_EXERCISE REQUIREMENTS_
The part below that opens with the line containing "站立 前田麦克风 动漫" and closes with the line containing "We don’t detect" should be copied exactly, minus any pictures.

_TASK MATERIAL_

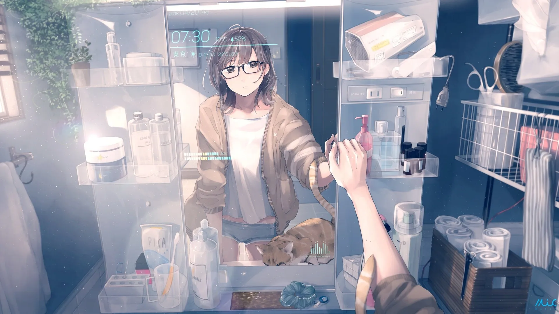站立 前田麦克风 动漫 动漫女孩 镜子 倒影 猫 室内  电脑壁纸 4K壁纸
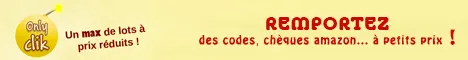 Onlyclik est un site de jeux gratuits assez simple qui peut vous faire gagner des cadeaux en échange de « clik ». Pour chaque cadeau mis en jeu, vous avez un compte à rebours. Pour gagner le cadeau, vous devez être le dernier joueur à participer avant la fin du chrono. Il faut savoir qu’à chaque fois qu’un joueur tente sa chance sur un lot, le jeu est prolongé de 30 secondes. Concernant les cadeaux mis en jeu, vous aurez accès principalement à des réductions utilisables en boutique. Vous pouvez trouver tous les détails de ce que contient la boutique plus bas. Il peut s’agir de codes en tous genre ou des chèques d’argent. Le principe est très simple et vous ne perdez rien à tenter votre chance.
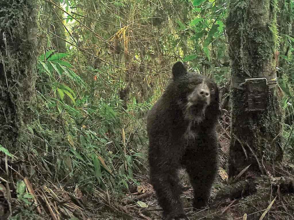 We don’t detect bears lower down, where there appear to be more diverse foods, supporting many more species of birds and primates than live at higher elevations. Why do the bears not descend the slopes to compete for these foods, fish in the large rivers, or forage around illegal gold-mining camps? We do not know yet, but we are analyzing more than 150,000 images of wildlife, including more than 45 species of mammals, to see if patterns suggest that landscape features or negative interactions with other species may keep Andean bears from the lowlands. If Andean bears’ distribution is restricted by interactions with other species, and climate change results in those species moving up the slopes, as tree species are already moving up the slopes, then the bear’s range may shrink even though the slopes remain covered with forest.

...

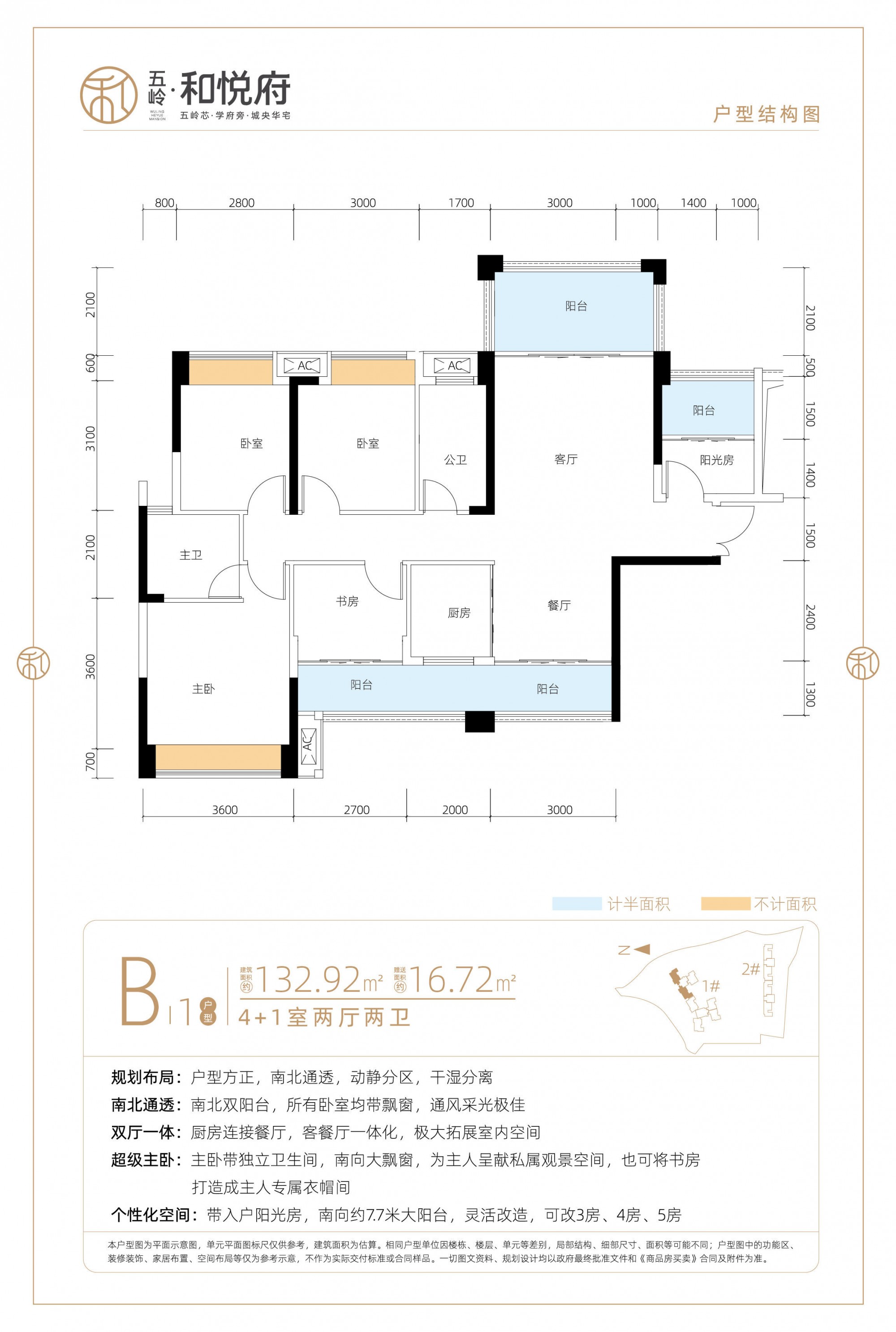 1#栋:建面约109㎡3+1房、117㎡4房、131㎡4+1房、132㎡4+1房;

_RESPONSE BOX_
站立 前田麦克风 动漫 动漫女孩 镜子 倒影 猫 室内  电脑壁纸 4K壁纸
 Onlyclik est un site de jeux gratuits assez simple qui peut vous faire gagner des cadeaux en échange de « clik ». Pour chaque cadeau mis en jeu, vous avez un compte à rebours. Pour gagner le cadeau, vous devez être le dernier joueur à participer avant la fin du chrono. Il faut savoir qu’à chaque fois qu’un joueur tente sa chance sur un lot, le jeu est prolongé de 30 secondes. Concernant les cadeaux mis en jeu, vous aurez accès principalement à des réductions utilisables en boutique. Vous pouvez trouver tous les détails de ce que contient la boutique plus bas. Il peut s’agir de codes en tous genre ou des chèques d’argent. Le principe est très simple et vous ne perdez rien à tenter votre chance.
 We don’t detect bears lower down, where there appear to be more diverse foods, supporting many more species of birds and primates than live at higher elevations. Why do the bears not descend the slopes to compete for these foods, fish in the large rivers, or forage around illegal gold-mining camps? We do not know yet, but we are analyzing more than 150,000 images of wildlife, including more than 45 species of mammals, to see if patterns suggest that landscape features or negative interactions with other species may keep Andean bears from the lowlands. If Andean bears’ distribution is restricted by interactions with other species, and climate change results in those species moving up the slopes, as tree species are already moving up the slopes, then the bear’s range may shrink even though the slopes remain covered with forest.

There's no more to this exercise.